The review underscores the need for clearer governance disclosures, particularly regarding risk oversight and engagement with shareholders.
4 Glass Lewis’s updated UK Proxy Voting Guidelines
On 14 November 2024, Glass Lewis released its 2025 UK Proxy Voting Guidelines, applicable to AGMs from 1 January 2025.
Key updates
• Board diversity. Boards must have 40% gender diversity, and FTSE 250 boards must include at least one ethnic minority director.
• AI oversight. Boards must demonstrate effective risk management of AI-related governance concerns.
• Pension contributions. Excessive pension contributions for directors may result in shareholder votes against remuneration proposals.
• Multi-class share structures. Glass Lewis opposes unequal voting rights and requires shareholder votes on such structures.
• Proxy voting disclosure. Companies must publish detailed voting results post-AGM, with potential consequences for non-disclosure.
These updates reinforce shareholder rights, governance transparency, and accountability in corporate decision-making.
5 Department for Business and Trade: Non-Financial Reporting Reforms
On 10 December 2024, the UK government introduced the Companies (Accounts and Reports) Regulations 2024, reducing non-financial reporting burdens.
Key changes
• Company size thresholds increased by 50% for micro, small, and medium-sized businesses.
• Directors’ Report obligations reduced, eliminating low-value disclosures such as future developments, research activities, and engagement reporting.
• A broader review of non-financial reporting is planned for Spring 2025.
These reforms reflect a shift toward streamlining compliance requirements while maintaining governance transparency. An explanatory memorandum is also available.
6 FCA publishes rules on enhancing the National Storage Mechanism (NSM)

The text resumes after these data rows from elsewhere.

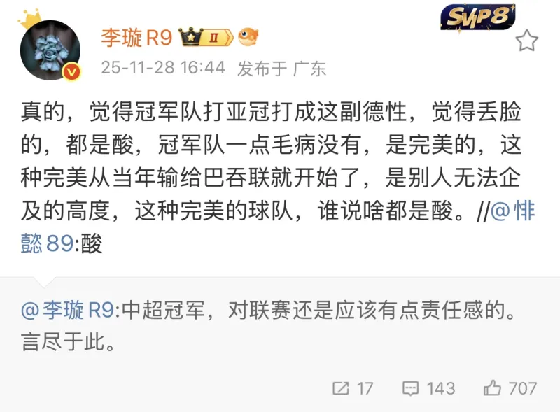 李璇:中超冠軍對(duì)聯(lián)賽要有責(zé)任感,李璇我言盡于此。中超責(zé)任
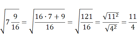 Zamień liczbę pod pierwiastkiem na ułamek niewłaściwy,skorzystaj z własności działań na pierwiastkach , a następnie oblicz pierwiastki z kwadratu liczb.
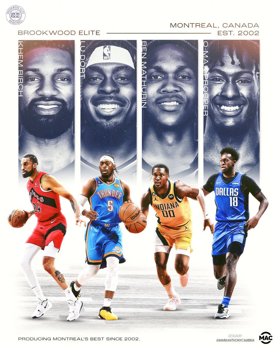 Brookwood Elite alumni include Luguentz Dort, Bennedict Mathurin, Olivier-Maxence Prosper, and Khem Birch — reflecting the program's proven pathway to the professional level.

On 20 December 2024, the Financial Conduct Authority (FCA) published its policy statement on improving the National Storage Mechanism (NSM), the UK’s digital archive for regulated corporate disclosures.
Key enhancements
• Mandatory legal entity identifiers (LEIs). Issuers and individuals submitting regulated disclosures must include LEIs to improve data consistency.
• Standardised submission process. Primary information providers (PIPs) must adopt a uniform filing system, ensuring greater accuracy and efficiency.
• Implementation timeline. The new system will go live on 3 November 2025, with a testing environment available three months prior.
These changes enhance transparency, accessibility, and standardisation in financial and corporate disclosures.
What’s on the horizon?
The latest corporate governance developments reflect a growing emphasis on transparency, accountability and regulatory efficiency. As the landscape continues to evolve, further developments in non-financial reporting, shareholder engagement policies, and AI governance are expected in the coming year, reinforcing the UK’s position as a leading jurisdiction for corporate governance regulation.
The information in this general Director Reference Guide was supplied by White & Case LLP. It is not, and does not attempt to be, comprehensive in nature and should not be regarded as legal advice.